Something else that initially may give the appearance of Suhonen’s thinking being somewhat nostalgic is that there are basically no mentions of what often is on the political agenda in Sweden at the moment, such as immigration and criminality. Yet this does not mean that he is out of touch with the current moment, but it is rather a quite sobering disinterest in taking up the rhetoric of the right (who often start there). Indeed, to do so would risk falling into the trap of the so-called ‘culture wars’ waged by many people on the far right, in particular. This is not to say that the racial and sexual minorities that often are targeted by the culture warriors should not be defended – but rather that they are not those who are to blame for the major problems in soceity and that by making culture wars one’s primary agenda thus means accepting the problem formulations constructed by the far and conservative right as essentially correct. But they are not, since they fail to address what remains the most crucial issue today – class struggle – which risks being forgotten if culture wars are accepted as the primary zone of conflict today (exemplified in Sweden by the more recent introduction of a second political, so-called ‘GAL-TAN’ axis – aside from the classical one of left and right – which rather classifies political parties based on how progressive/multicultural or conservative/nationalist they are).

Yet it is against the rich we should wage war, not minorities. And, by doing so, I believe that we also will make the social situation better for the latter, since I think that the stigma that they face from culture warriors often is a consequence of the increasingly collective fear that has emerged through the neoliberal dissatisfaction of decreasing expectations.
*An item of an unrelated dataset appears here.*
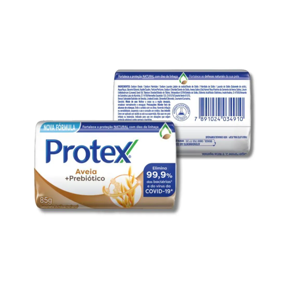 Kit com 12 sabonetes Protex Aveia + Prebiótico 85g A Protex reinventou os sabonetes antibacterianos, sua fórmula fortalece a proteção natural com óleo de linhaça. Ela é enriquecida com aveia + prebiótico, limpa suavemente e remove as impurezas para a obtenção de uma pele suave, protegida e saudável. Elimina 99,9% das bactérias* e o vírus da COVID-19! Ingredientes ativos: - Oleato de Sódio Palmitato de Sódio Laurato de Sódio (sabonete de sódio), Aqua Áqua, Glicerol, Caulim, Perfume, Farinha da Semente de Avena Sativa, Óleo da Semente de Linum Usitatissimum, Cloreto de Sódio, Dióxido de Titânio, Edetato de Sódio, Ácido Etidrônico, Inulina, CI 47005 Amarelo de Quinolina Laca de Alumínio, CI 14700 Vermelho Escarlate 125, CI 61570 Corante Verde 61570, Salicilato de Benzila, Linalol, Citronelol, Cumarina, Geraniol Como usar? - Molhe o corpo ou a área desejada, ensaboe normalmente e enxague. Precauções: - Mantenha fora do alcance de crianças. Evite contato com os olhos, se isso acontecer, enxague com bastante água. Se você perceber qualquer reação desfavorável, pare de usar e consulte o seu médico. Este produto pode ser irritante se não for usado como informado nas instruções de uso. Marca: Protex Linha: Aveia + Prebiótico Tipo: Sabonete em barra Peso unitário: 85g Quantidade no kit: 12 unidades Ação: Elimina até 99,9% das bactérias Proteção: Até 12 horas Fórmula: Com óleo de linhaça, aveia e prebiótico Indicação: Corpo pH: Balanceado Dermatologicamente testado: Sim Textura: Espuma cremosa

This is not to suggest that all such stigma would simply disappear if society became more equal – but rather that the desire to find an easily targeted scapegoat for what in reality are deeper socio-economic issues certainly would decrease significantly. It is thus refreshing and most apt that Suhonen focuses on the key issue: economic inequality because of an unfair distribution policy, which must be corrected by a new economic politics that operates for the benefit of all. Seen from this perspective, Suhonen’s struggle (through Katalys, for example) to ‘put class back on the agenda’ is equally refreshing and makes me think of my own mentor, the late Mark Fisher, and his analysis of what he called ‘capitalist realism’ (i.e., the social naturalisation of neoliberalism) as a programme of so-called ‘consciousness deflation’ – which refers to how the widespread erasing of the various forms of radical consciousness, including class consciousness, that were prominent in the West in the post-war decades has paved way for the naturalisation of neoliberalism. Indeed, despite Fisher being a more radical writer, him and Suhonen certainly have something in common, also in terms of their appraisals of the post-war welfare state that they both experienced and came to appreciate when they were younger – and then saw slowly fading away – as well as their longing for more culture and more free time, beyond the neoliberal horrors of the present. This is certainly something to struggle for, regardless of whether it, in the end, is realised alongside or beyond capitalism.